🤖 AI Summary
Existing autoregressive video generation methods face bottlenecks in training convergence speed, high frame-rate modeling accuracy, and inference efficiency. This work proposes Next Forcing, a Multi-Chunk Prediction (MCP) framework that introduces multi-token prediction into video generation for the first time. By employing a lightweight auxiliary module to predict multiple future video chunks in parallel, Next Forcing constructs a causally chained structure with cross-temporal depth and fuses multi-layer features from the main model to enable multi-scale future prediction. The approach substantially improves training convergence, generation fidelity, and inference speed: it achieves a 93.1% performance gain over LingBot-VA after only 5k training steps at 50 fps, converging 2.3× faster; attains state-of-the-art results on RoboTwin (94.1/93.5%), with 2× faster inference; and significantly enhances physical consistency on PhyWorld, reducing the pretraining FVD by over 50%.
📝 Abstract
Autoregressive video generation has emerged as a powerful paradigm for World Action Models (WAMs). However, existing approaches suffer from slow training convergence and limited converged accuracy, particularly at high frame rates, as the training supervision is confined to the current chunk without explicit signals about future dynamics; they also suffer from slow inference due to iterative video denoising. In this paper, we present Next Forcing, a multi-chunk prediction (MCP) framework for causal world modeling that enables faster training, higher accuracy, and accelerated inference.
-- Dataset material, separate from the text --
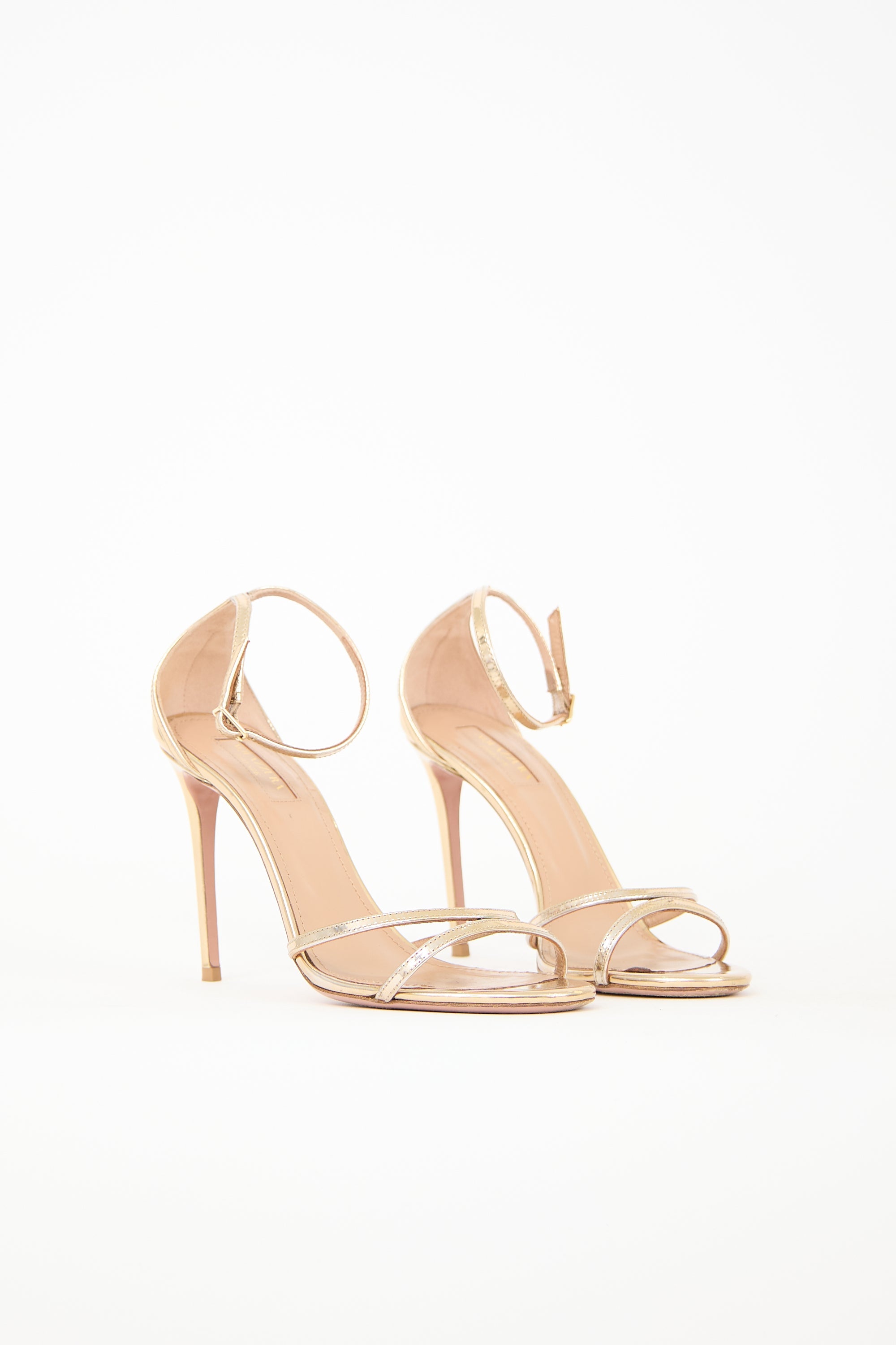 Pre-owned Aquazzura gold leather Purist sandals featuring a rounded toe, straps across vamp, covered counter with adjustable ankle strap, and a covered stiletto heel.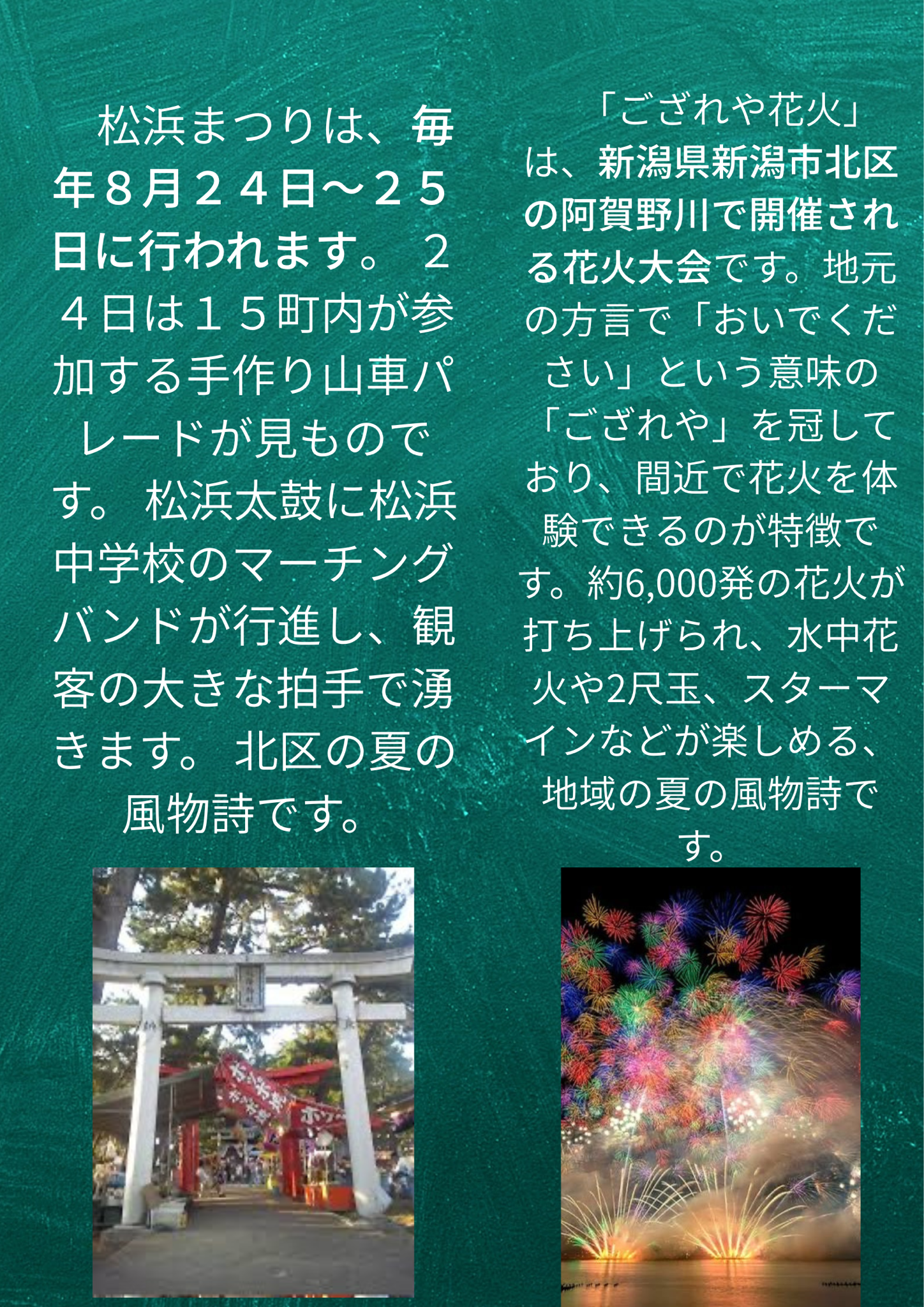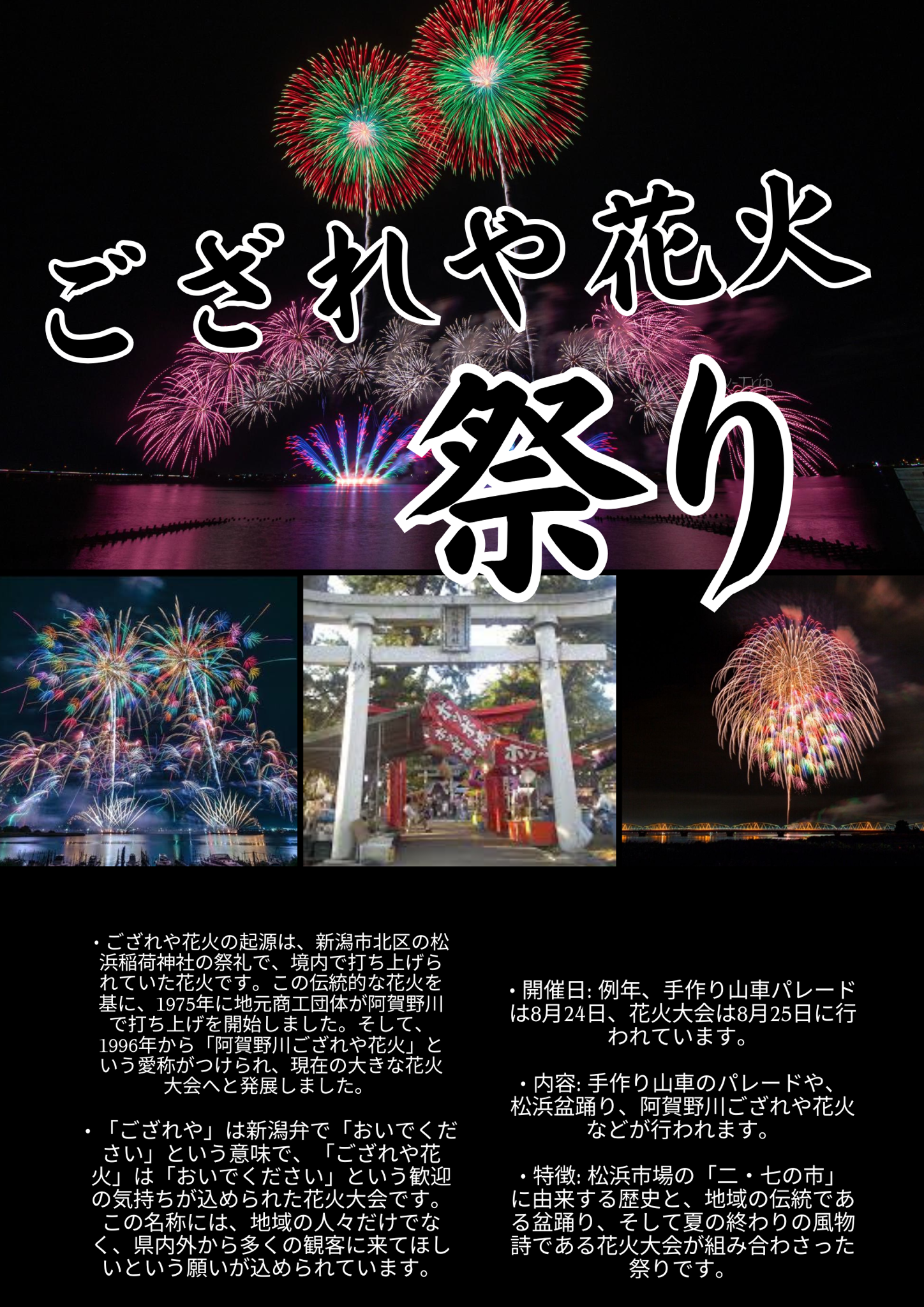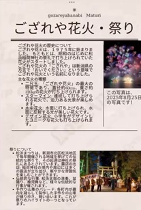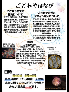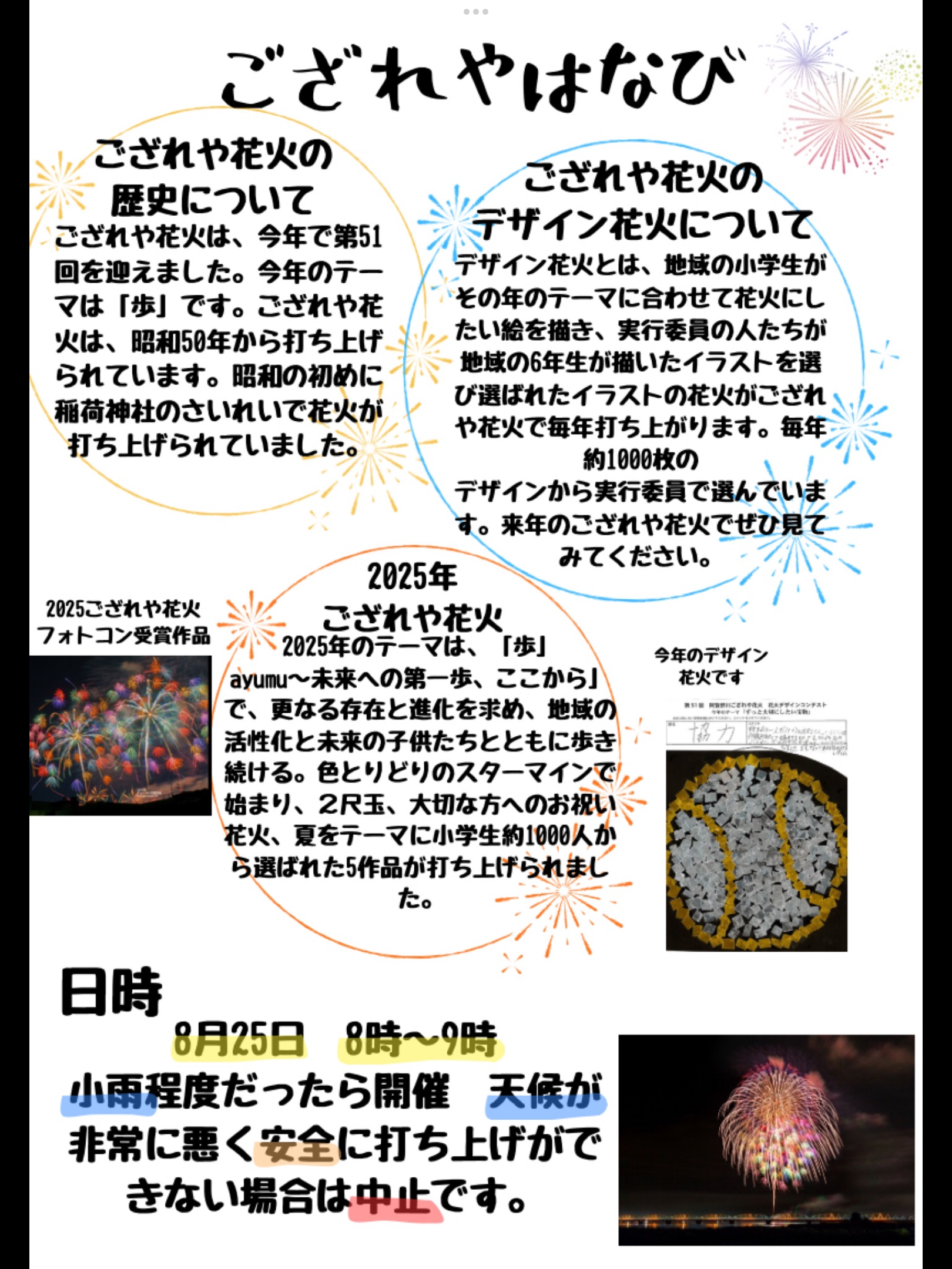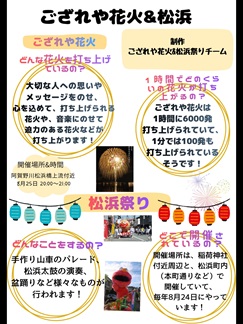 ござれや花火は,今年が51回目でした。毎年素晴らしい花火が見られるのは,実行委員の方々の頑張りがあるからです。松浜の宝の「ござれや花火・祭り」。今から来年の夏が楽しみですね!

Inspired by multi-token prediction in large language models, Next Forcing introduces an MCP training objective that augments the main model with lightweight auxiliary MCP modules to simultaneously denoise video chunks at multiple future temporal horizons (next$^1$, next$^2$, next$^3$ chunks). These MCP modules form a causal chain across prediction depths, where intermediate features fused from multiple layers of the main model are leveraged to predict future dynamics, allowing near-future predictions to inform farther-future ones and providing dense multi-scale temporal supervision back to the main model. During training, the MCP modules significantly accelerate convergence and improve converged accuracy, especially at high frame rates: at 50 fps, Next Forcing achieves a 93.1% relative improvement over LingBot-VA at 5k training steps and 2.3x faster convergence, and establishes new state-of-the-art results on the RoboTwin benchmark (94.1/93.5% on Clean/Random). At inference, the MCP modules can be retained to predict the next video chunk in parallel with the current one, achieving 2x inference acceleration. Next Forcing also demonstrates significant improvements on PhyWorld, a benchmark evaluating adherence to physical laws in video generation, and over 50% FVD reduction on general video pretraining.